THE 68th NMO SELECTION TESTS FOR THE JUNIOR BALKAN MATHEMATICAL OLYMPIAD

We label the rows from 1 to $m$ and the columns from 1 to $n$. If $m$ and $n$ are not congruent to 2 modulo 3, i.e. $m=3a+r_1$ and $n=3b+r_2$ with $r_1,r_2\in \{0,1\}$, we can tile the rectangle formed by the first $3a$ lines and $3b$ columns with $a\cdot b$ disjoint $3\times 3$ squares. Each of these squares needs to contain at least 2 red squares, therefore one needs to paint red at least $2ab=2\cdot \lfloor \frac{m}{3}\rfloor \cdot \lfloor \frac{n}{3}\rfloor$ squares. On the other hand, this number is sufficient: paint red those unit squares whose row number is a multiple of 3 (i.e. 3, 6, ..., $3a$) and whose column number belongs to the set $\{2,3,5,6,...,3b-1,3b\}$. It is easy to check that each $3\times 3$ square contains exactly two red squares.

The same answer (with the exact same arguments) remains valid if $m\equiv 2(\mathrm{mod}3)$ and $n\equiv 0,1(\mathrm{mod}3)$ (the answer remains the same in the case $n\equiv 2(\mathrm{mod}3)$ and $m\equiv 0,1(\mathrm{mod}3)$).

Let us now tackle the case $m=3a+2$, $n=3b+2$. We prove that in this case the answer is $2ab+\min \{a,b\}$.

Let us call a zone a $5\times 5$ square from which we have removed a $2\times 2$ square situated in one of its corners. We start by noticing that in any zone we need to have at least three red squares. Indeed, examining the two $3\times 3$ squares that contain the two remaining opposite corners of the $5\times 5$ square, they contain each at least two red squares and they only share one unit square (the one in the center), hence they contain together at least 3 red squares. With this remark, we move on to the promised induction:

For $a=1$: we can paint red the squares situated in column number 3, on the lines 1, 3 and 4. Any $3\times 3$ square contains exactly two of these red squares.

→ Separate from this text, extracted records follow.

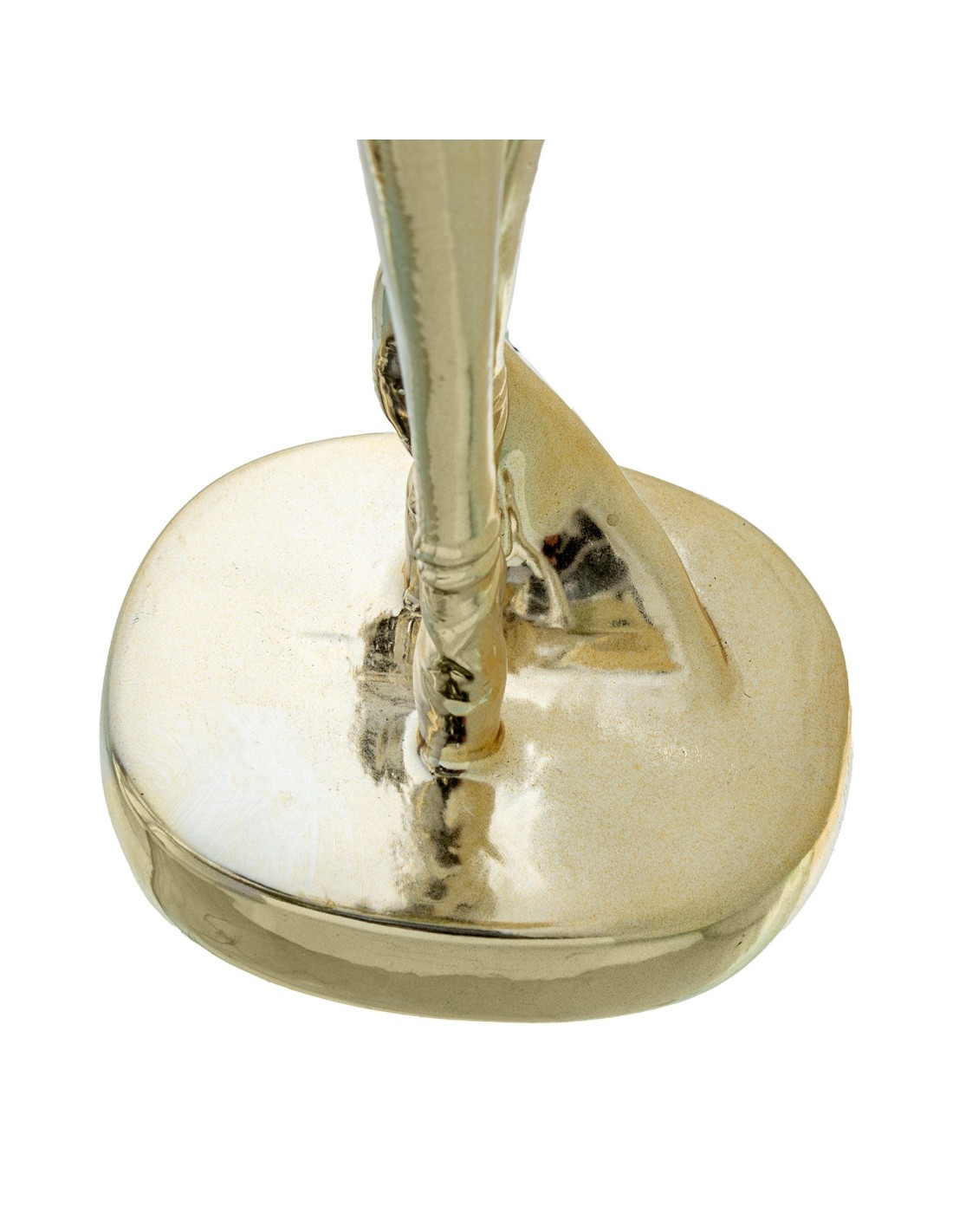 La figura de bailarina en resina dorada con traje nacarado ofrece múltiples beneficios como pieza decorativa. Su diseño elegante y detallado aporta un toque artístico que eleva la estética de cualquier estancia. La combinación de dorado, nácar y cristal crea un contraste sofisticado que atrae la atención de forma equilibrada y refinada.
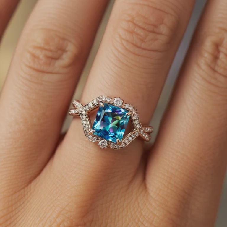- Unique Split Halo Design: The distinctive band and half halo accentuate the stunning blue princess cut moissanite.
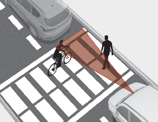 Wenn sich Fußgänger oder Radfahrer zwischen Ihnen und dem vorausfahrenden Fahrzeug befinden, funktioniert die Warnung bei Start des vorausfahrenden Fahrzeugs möglicherweise nicht richtig.
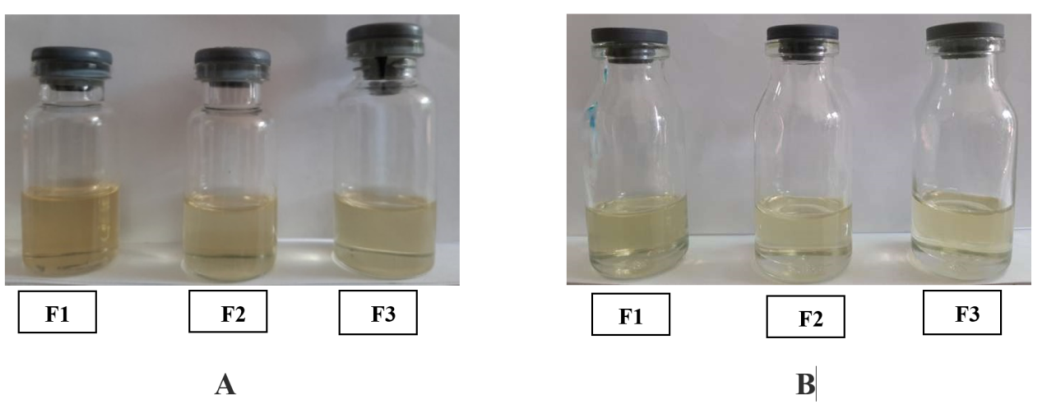Fig. 3: Cycling test result of carrot seed oil nanoemulgel preparations (A: Before Test, B: After Test)
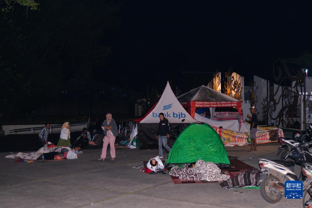 11月22日凌晨,在印度尼西亞西爪哇省展玉地區,受地震影響的人們在戶(hù)外休息。
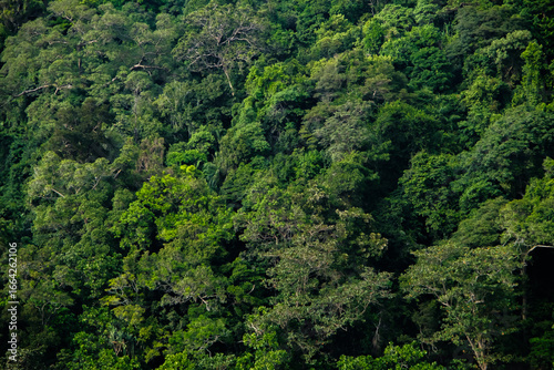 natural freshness wall of green trees that grows on the hill's slope in morning sun shine back light with some shade and shadow

Assuming the assertion true for a $(3a-1)\times (3a-1)$ board, let us prove it for the $(3a+2)\times (3a+2)$ board. From the inductive hypothesis, in the $(3a-1)\times (3a-1)$ square situated in top-left corner we must have at least $2(a-1{)}^2+a-1$ red squares. We cover the remaining part of the $(3a+2)\times (3a+2)$ square with $3\times 3$ squares, plus one zone placed in the bottom-right corner. In this remaining part we have at least $2(a-1)+2(a-1)+3$ red squares, hence we have in total at least $2(a-1{)}^2+a-1+4(a-1)+3=2a^2+a$ red squares.

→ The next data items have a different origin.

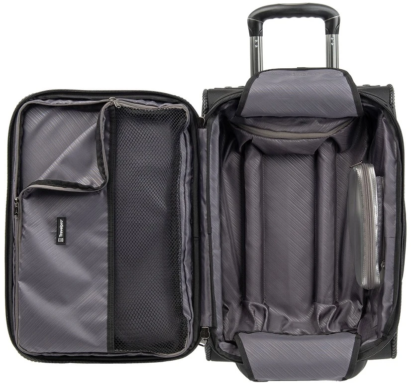 You’ll hit your stride with the Travelpro Crew Expert Global carry on expandable rollaboard! Made of 1680 ballistic nylon, this Travelpro Crew Expert carry on rollaboard is built to travel everywhere. With inline skate wheels, you can easily push or pull the Travelpro Crew Expert carry on luggage along. Made to bring on board most domestic and international flights, the Travelpro Crew expert carry on luggage includes a TSA compliant toiletry kit for your liquids. Padded storage holds your laptop easily. With the add-a-bag strap, you can piggyback your tote and take both on board. We include FREE shipping and a FREE leather luggage tag monogrammed with your initials for quick identification wherever you journey.
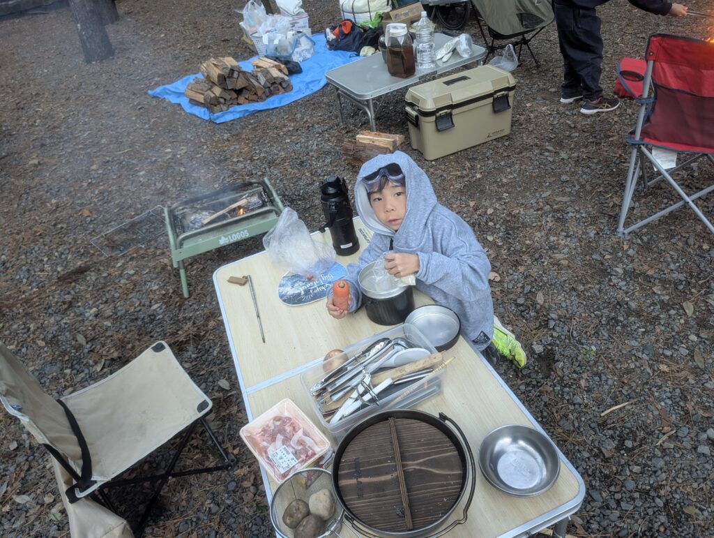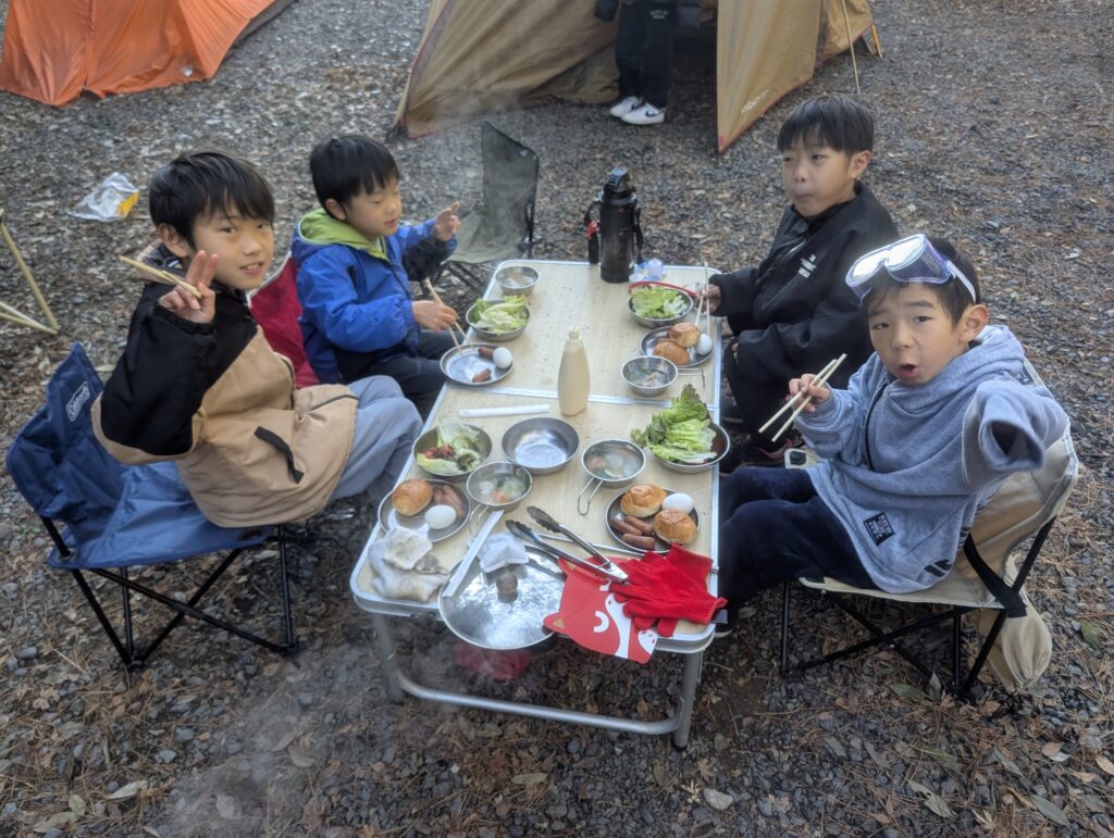7:00。みんなテントから出てきました。さぁ、朝ごはんを作りましょう。
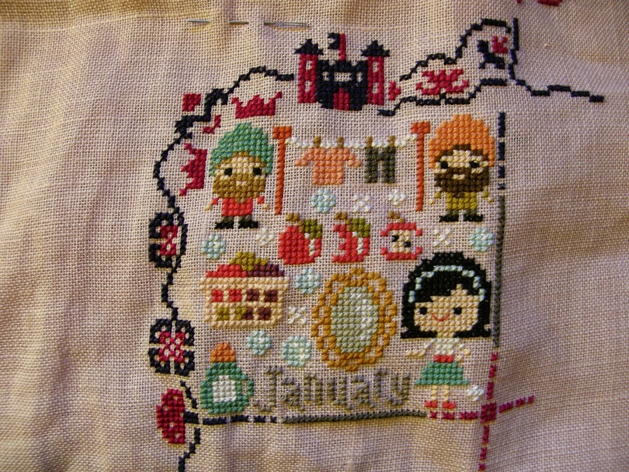 Mi primera parte del sal!!! al final me decidí a hacerlo en lino malva, le tenia un poquito de miedo a mis ojos...., el resultado precioso lleno de color, es chiquito pero tiene un hilito de cada color, parece que no avanzas pero ya esta terminado!!!!

For $m<n$ (the case when $m>n$ is similar), it is sufficient to notice that the rectangle $(3a+2)\times (3b+2)$ can be obtained from the $(3a+2)\times (3a+2)$ square by gluing a $(3a+2)\times (3b-3a)$ rectangle next to it. In the square there are at least $2a^2+a$ red squares, while in the rectangle one can fit $a\cdot (b-a)$ disjoint $3\times 3$ squares, therefore it contains at least $2a(b-a)$ red squares. In total, the rectangle has at least $2a^2+a+2a(b-a)=2ab+a$ red squares. We have already seen that this number can actually be achieved, therefore the statement is proven.